● Input for this task:
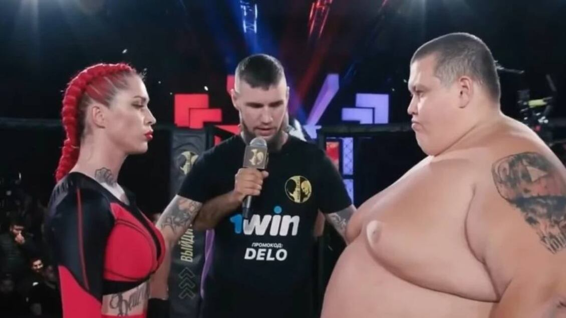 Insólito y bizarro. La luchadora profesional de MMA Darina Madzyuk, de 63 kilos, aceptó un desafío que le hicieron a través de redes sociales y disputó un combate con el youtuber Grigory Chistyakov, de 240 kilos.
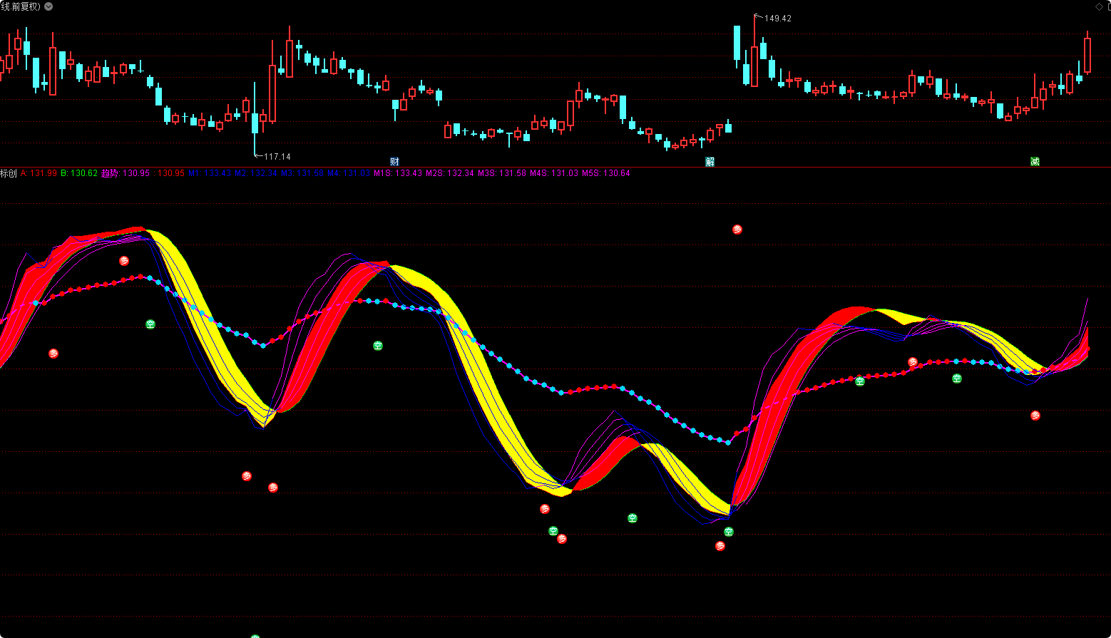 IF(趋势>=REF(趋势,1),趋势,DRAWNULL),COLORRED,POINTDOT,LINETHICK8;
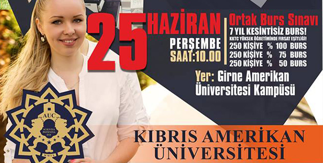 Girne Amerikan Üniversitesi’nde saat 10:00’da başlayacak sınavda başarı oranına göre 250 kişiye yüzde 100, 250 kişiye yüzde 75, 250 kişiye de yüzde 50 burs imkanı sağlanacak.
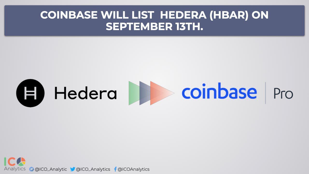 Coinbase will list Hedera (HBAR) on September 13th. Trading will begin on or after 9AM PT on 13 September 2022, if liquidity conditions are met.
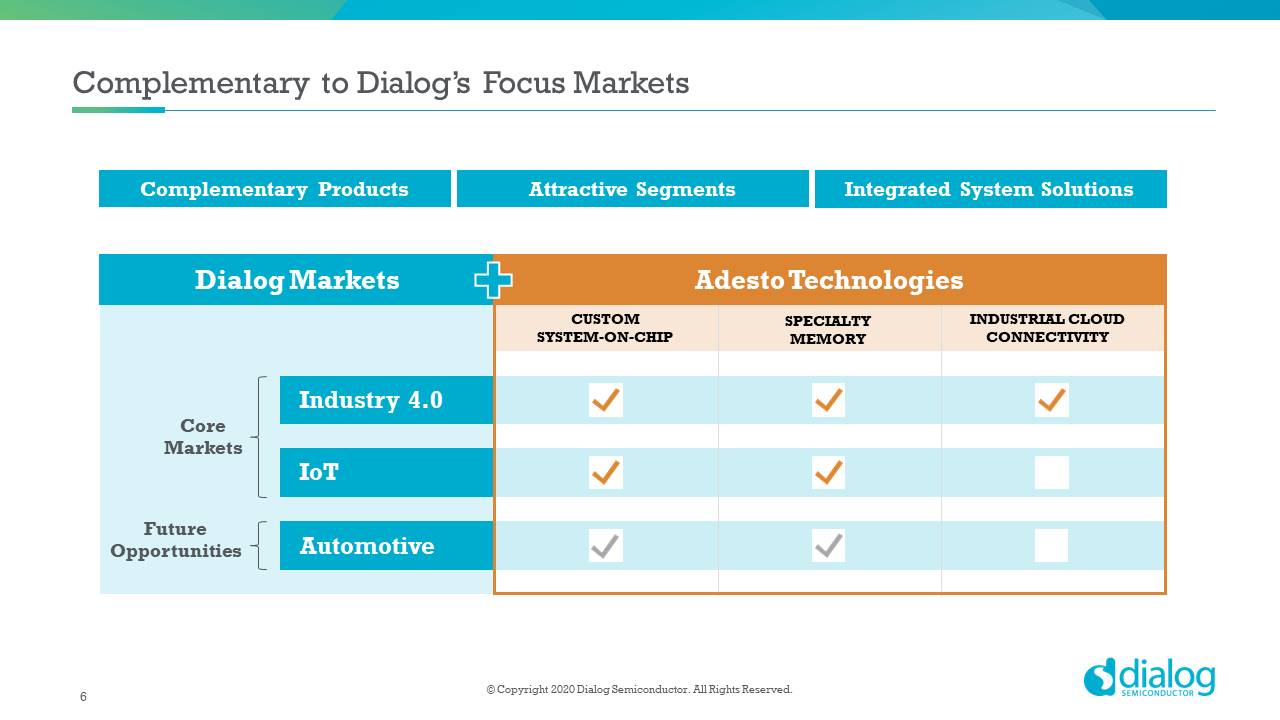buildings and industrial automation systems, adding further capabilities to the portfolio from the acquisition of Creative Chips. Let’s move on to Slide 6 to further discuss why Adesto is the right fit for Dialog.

● Exercise objective: Retype the data word for word and keep the pictures out of it.

● Task solution:
 Insólito y bizarro. La luchadora profesional de MMA Darina Madzyuk, de 63 kilos, aceptó un desafío que le hicieron a través de redes sociales y disputó un combate con el youtuber Grigory Chistyakov, de 240 kilos.
 IF(趋势>=REF(趋势,1),趋势,DRAWNULL),COLORRED,POINTDOT,LINETHICK8;
 Girne Amerikan Üniversitesi’nde saat 10:00’da başlayacak sınavda başarı oranına göre 250 kişiye yüzde 100, 250 kişiye yüzde 75, 250 kişiye de yüzde 50 burs imkanı sağlanacak.
 Coinbase will list Hedera (HBAR) on September 13th. Trading will begin on or after 9AM PT on 13 September 2022, if liquidity conditions are met.
buildings and industrial automation systems, adding further capabilities to the portfolio from the acquisition of Creative Chips. Let’s move on to Slide 6 to further discuss why Adesto is the right fit for Dialog.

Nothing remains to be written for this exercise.